The phenomenon is not new. Janis Joplin, Jimi Hendrix and Jim Morrison all succumbed to drug abuse. Shillong-based blues legend and Soulmate frontman Rudy Wallang says the pressures on musicians in the West is disturbing. "Indian musicians mostly stick to marijuana and alcohol. In the West, the pressures are huge – you need to be on the top of your game, you need to deliver a power-packed performance, and then there are expectations of fans and recording labels," says Rudy. Indian bands are booked for a few days in a month, while Western bands are on the road touring for months on end.

He adds that recording labels, too, pile a lot of expectations on the star. "It's all about the money. No one wanted to accept Amy for the ordinary girl that she was. The label will want her to be in the news, and stars tend to resort to alcohol, or cocaine, or heroin, or whatever suits their fancy. Stars with money try to fill up that emptiness with substance."
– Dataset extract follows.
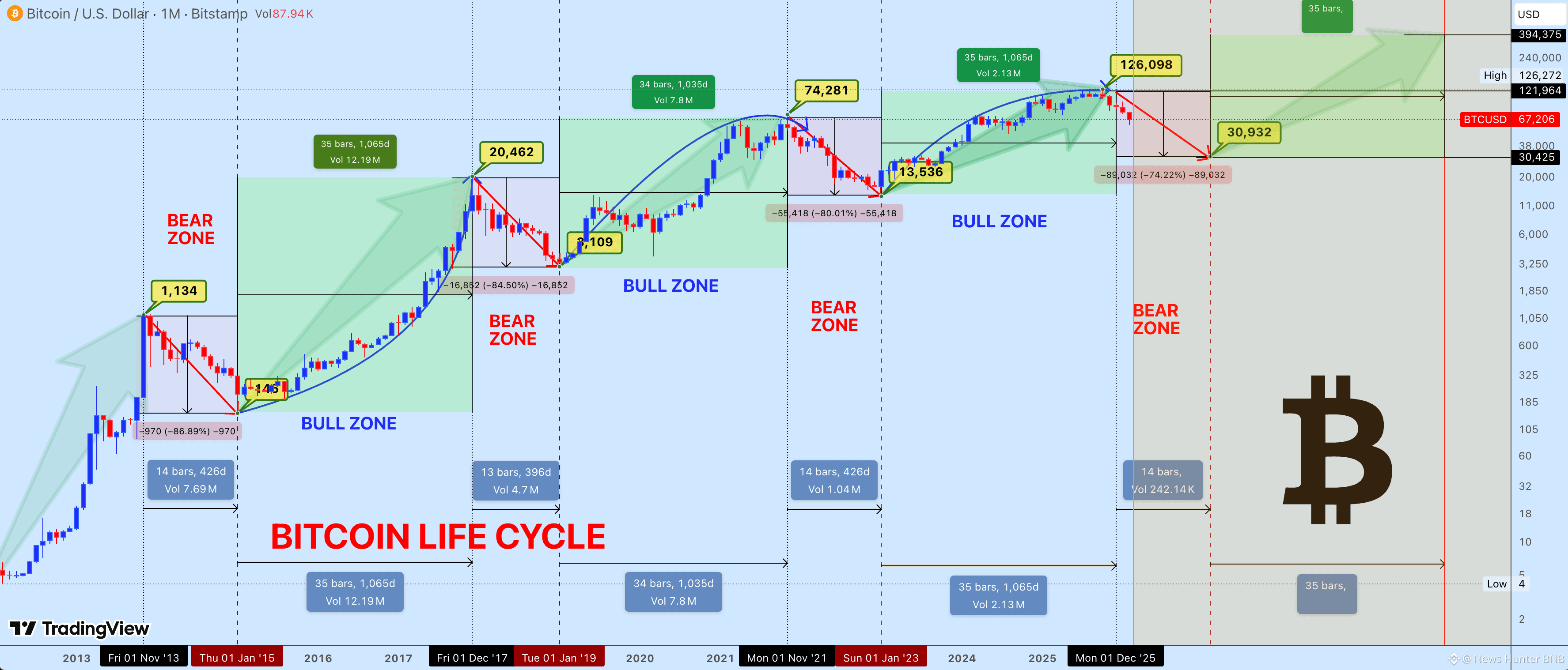 As the digital asset market matures, it becomes increasingly important to contextualize price action within Bitcoin’s established macro cycle framework. Historically, Bitcoin has demonstrated a repetitive sequence of expansion, distribution, contraction, and re-accumulation. Current price behavior continues to respect this broader structural rhythm with notable precision.

Subir Malik of Parikrama says the keen eye on these stars makes them vulnerable. "Whether one is in the hospital, vacationing or at a funeral, the paparazzi hounds them. Look at Michael Jackson's life. How many would survive that?"
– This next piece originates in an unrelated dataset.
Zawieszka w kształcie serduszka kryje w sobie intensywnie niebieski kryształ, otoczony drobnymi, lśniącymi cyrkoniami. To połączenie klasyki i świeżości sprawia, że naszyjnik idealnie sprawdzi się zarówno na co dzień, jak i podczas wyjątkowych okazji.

Malik says Indian musicians may be far from that scrutiny, but film stars are not. "Some celebs feel trapped. It's tragic what happened to Robin Williams. Some others resort to drastic means to carry on with the attention. It breeds insecurity. I mean, who would want to walk around in a meat dress like Lady Gaga does?"

Maybe the link is in the notion that drugs enhance creativity, says Dr Pratima Murthy, professor of psychiatry at the Centre for Deaddiction Medicine at NIMHANS, Bangalore. She feels people predisposed to mental problems, like Winehouse, are usually easy prey. "Initially, substance might be exhilarating. Problems come when one's faculties are tricked into believing everyone has a threshold."

Substance abuse is known to damage the brain's neurons and cause cognitive decline over a sustained period. It can also be extremely dangerous in cases of inadequate ventilation, especially in raves and parties, says Murthy. "A person can die of asphyxiation in this situation. It is best to head to a professional instead of resorting to substance as stimulants or coping strategies."

Being in the limelight is a two-edged sword. Monica Dogra of Shaa'ir and Func will attest to that. Recently, she came under a lot of flak online for asking fans to crowdfund a video on the LGBTQ community (ketto.org/shiver).

Some took offence to the Rs50 lakh she was asking for, while others did not like that she termed it a 'high art project'. Some also felt her project will not help the community at all. There have been days recently, Dogra says, when she's been too shy to walk down the street.

"The pressures of fame can affect different people in unique ways. It empowers some and for others, the quality in them that is vulnerable is exposed, (leaving them) desiring love, which can remain open without a closure.

Some fall into an abyss and never return. I've dealt with a lot myself, I can only imagine what a Grammy-winning artist may have faced," says Dogra.

Substance abuse can also come with the disturbing baggage of having to deal with unwanted fame, says percussionist Amit Kilam of Indian Ocean. He says that the high moral ground people tend to take when it comes to drug abuse is almost as punishing.

"It's almost as if we have made up our minds from our high moral pedestals that drugs are a crutch. Artistes usually don't look for a crutch or a support. They do it because inherently, artistes tend to try new things. Unfortunately some get caught and it leads to a lot of turmoil." In his view, alcohol and smoking may not be considered taboo, but their effects are bad, maybe worse. "Even a coffee addiction is just as bad, but there is no social stigma there."

Any talk of unwanted fame is incomplete without the role of the viewer, and our obsessive voyeurism. There is a chilling montage in Amy of various videos of the paparazzi hounding Winehouse, juxtaposed with scenes of her falling on stage. It's uncomfortable viewing. We may blame the fallen star all we want, but we cannot deny the part we play in that downfall.